Il est aussi intéressant de croiser ces résultats avec les comptages de vers de terre effectués sur les parcelles expérimentales. Ces derniers semblent montrer que plus le nombre de lombrics est élevé, plus le slip est dégradé. Bien évidemment, l’activité lombricienne n’explique pas à elle seule l’ensemble des processus de dégradation, et il faudrait des analyses plus poussées pour détailler les processus sous-jacents. Or, comme expliqué précédemment, la macrofaune permet de rendre accessible la matière organique en la fragmentant. On peut ainsi compléter l’hypothèse précédente : la dégradation est moins importante dans la parcelle labourée du fait d’une moindre abondance de la macrofaune et de la microfaune ralentissant ainsi la chaîne de dégradation. D’autres slips ont été plantés dans le cadre du projet de lutte contre l’érosion des sols dans la vallée de la Hem en Hauts-de-France et leurs résultats semblent montrer les mêmes patterns que pour Transaé.

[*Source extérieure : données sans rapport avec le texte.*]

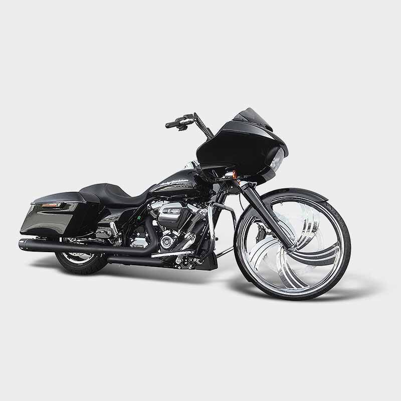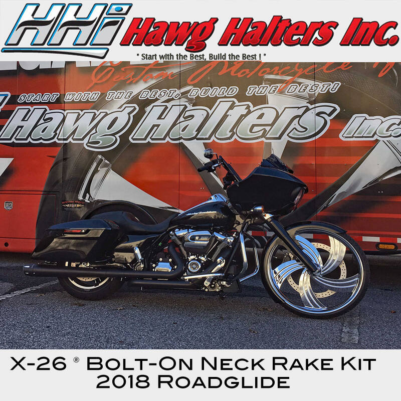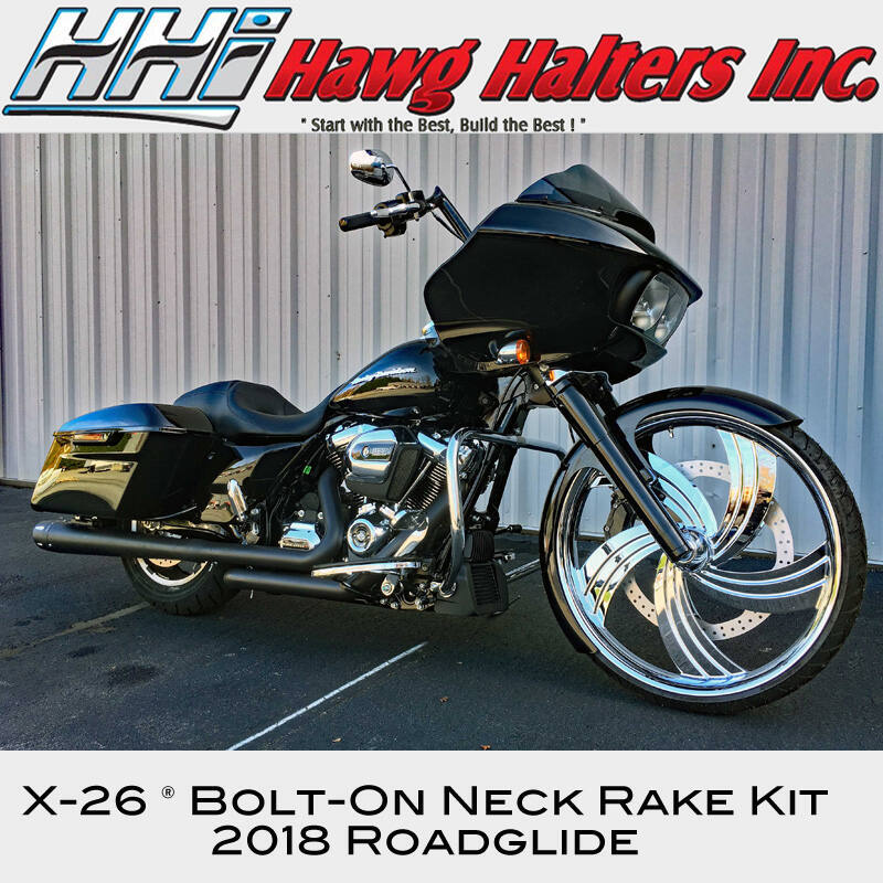 HHI is proud to offer the X-26® family of Bolt-On Neck Rake Kits for 26 inch wheel installation, now also available for the new fairing style 2024 SG & RG Standard Touring models. Designed and manufactured in our facility using only USA produced 6061- T6 billet aluminum and 4150 high strength steel alloy, this leading edge, multi piece neck design delivers unmatched strength and secure attachment. Based on proven press fit technology the results are perfect frame alignment, maximum assembly and installation rigidity with superior performance and handling.

Pour conclure, le test du slip est très intéressant pour obtenir des informations sur l’activité de ses sols. Il présente également beaucoup d’avantages, il est rapide à mettre en place, peu onéreux et très visuel. En revanche, son interprétation peut s’avérer complexe, c’est pourquoi il est conseillé de le coupler avec d’autres protocoles d’études de la vie du sol. On peut, par exemple, citer le protocole moutarde pour les vers de terre ou encore le test du sachet de thé. Pour aller plus loin dans la caractérisation des groupes de la pédofaune, le projet BISES développé par plusieurs organismes de recherche a mis en place 11 protocoles spécifiques à la faune de surface, de profondeur et aux fonctions de dégradation. Ils présentent l’avantage d’être simples, rapides d’utilisation et peu couteux.